I reduced the IR using bugpoint and then cleaned it up manually a bit to still make some sense (bugpoint introduces undefs that would eventually allow reducing the code to nothing):

define i1 @bad_insertpoint_rdx([8 x i32]* %p) #0 {
; CHECK-LABEL: @bad_insertpoint_rdx(
; CHECK-NEXT:    [[ARRAYIDX22:%.*]] = getelementptr inbounds [8 x i32], [8 x i32]* [[P:%.*]], i64 0, i64 0
; CHECK-NEXT:    [[TMP1:%.*]] = bitcast i32* [[ARRAYIDX22]] to <2 x i32>*
; CHECK-NEXT:    [[TMP2:%.*]] = load <2 x i32>, <2 x i32>* [[TMP1]], align 16
; CHECK-NEXT:    [[SPEC_STORE_SELECT87:%.*]] = zext i1 undef to i32
; CHECK-NEXT:    [[RDX_SHUF:%.*]] = shufflevector <2 x i32> [[TMP2]], <2 x i32> undef, <2 x i32> <i32 1, i32 undef>
; CHECK-NEXT:    [[RDX_MINMAX_CMP:%.*]] = icmp sgt <2 x i32> [[TMP2]], [[RDX_SHUF]]
; CHECK-NEXT:    [[RDX_MINMAX_SELECT:%.*]] = select <2 x i1> [[RDX_MINMAX_CMP]], <2 x i32> [[TMP2]], <2 x i32> [[RDX_SHUF]]
; CHECK-NEXT:    [[TMP3:%.*]] = extractelement <2 x i32> [[RDX_MINMAX_SELECT]], i32 0
; CHECK-NEXT:    [[TMP4:%.*]] = icmp sgt i32 [[TMP3]], 0
; CHECK-NEXT:    [[OP_EXTRA:%.*]] = select i1 [[TMP4]], i32 [[TMP3]], i32 0
; CHECK-NEXT:    [[CMP23_2:%.*]] = icmp sgt i32 [[SPEC_STORE_SELECT87]], [[OP_EXTRA]]
; CHECK-NEXT:    ret i1 [[CMP23_2]]
;
  %arrayidx22 = getelementptr inbounds [8 x i32], [8 x i32]* %p, i64 0, i64 0
  %t0 = load i32, i32* %arrayidx22, align 16
  %cmp23 = icmp sgt i32 %t0, 0
  %spec.select = select i1 %cmp23, i32 %t0, i32 0
  %arrayidx22.1 = getelementptr inbounds [8 x i32], [8 x i32]* %p, i64 0, i64 1
  %t1 = load i32, i32* %arrayidx22.1, align 4
  %cmp23.1 = icmp sgt i32 %t1, %spec.select
  %spec.store.select87 = zext i1 %cmp23.1 to i32
  %spec.select88 = select i1 %cmp23.1, i32 %t1, i32 %spec.select
  %cmp23.2 = icmp sgt i32 %spec.store.select87, %spec.select88
  ret i1 %cmp23.2
}

The CHECK lines are based on trunk today (this RAUW patch is not in play). So this example miscompiles independently of this patch - see this line:

; CHECK-NEXT:    [[SPEC_STORE_SELECT87:%.*]] = zext i1 undef to i32

The result of the function is based on that value, so we can get the whole thing wrong depending on what we choose for 'undef'.
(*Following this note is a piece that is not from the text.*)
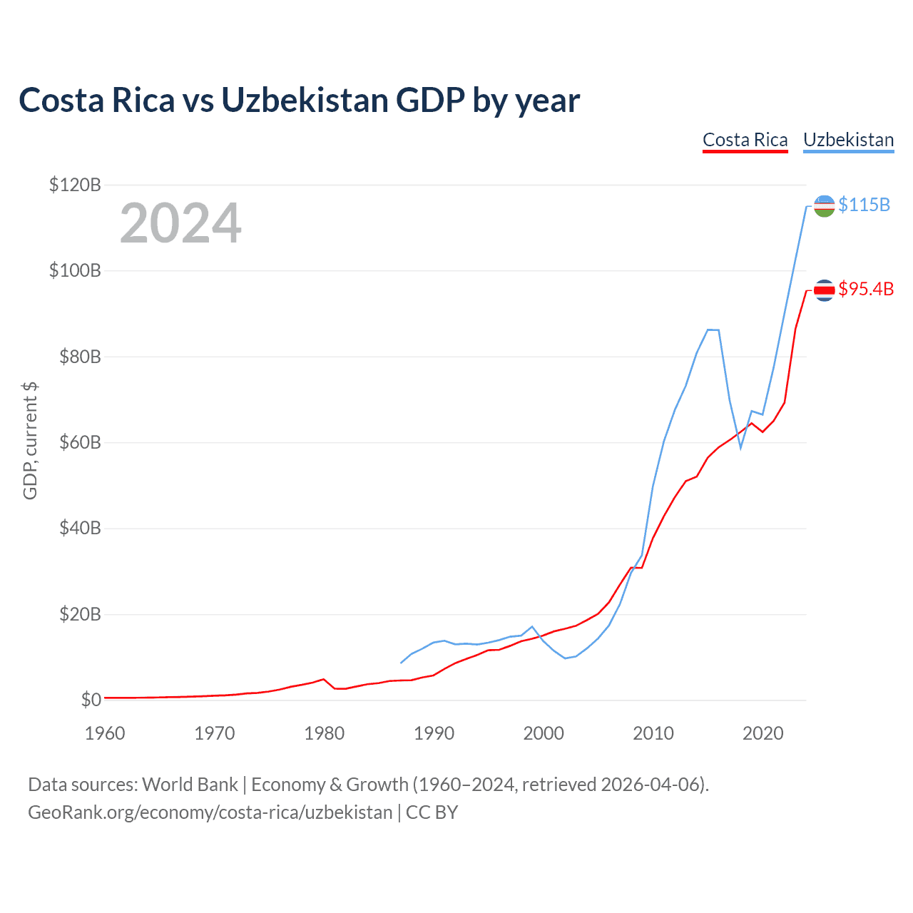 Costa Rica has a GDP of $95.4B compared to $115B for Uzbekistan, ranking 73/197 and 66/197 by economy size, respectively.

The result of the function is based on that value, so we can get the whole thing wrong depending on what we choose for 'undef'.

In case that's not clear because SLP leaves dead code everywhere - if you pass the output of SLP to instcombine:

define i1 @bad_insertpoint_rdx([8 x i32]* %p) #0 {
  ret i1 false
}

Reopening - reverted here:
rG6f1cc4151a5a

Looks like we need to adjust the IR insert point for the cmp (the whole reduction?) because we may create invalid IR otherwise ("Instruction does not dominate all uses!").

Seems to me, need to fix the code in line 6745. Instead of Builder.SetInsertPoint(cast<Instruction>(ReductionRoot)); need to set the insertion point to the CMPInst if ReductionRoot is SelectInst.

This revision was automatically updated to reflect the committed changes.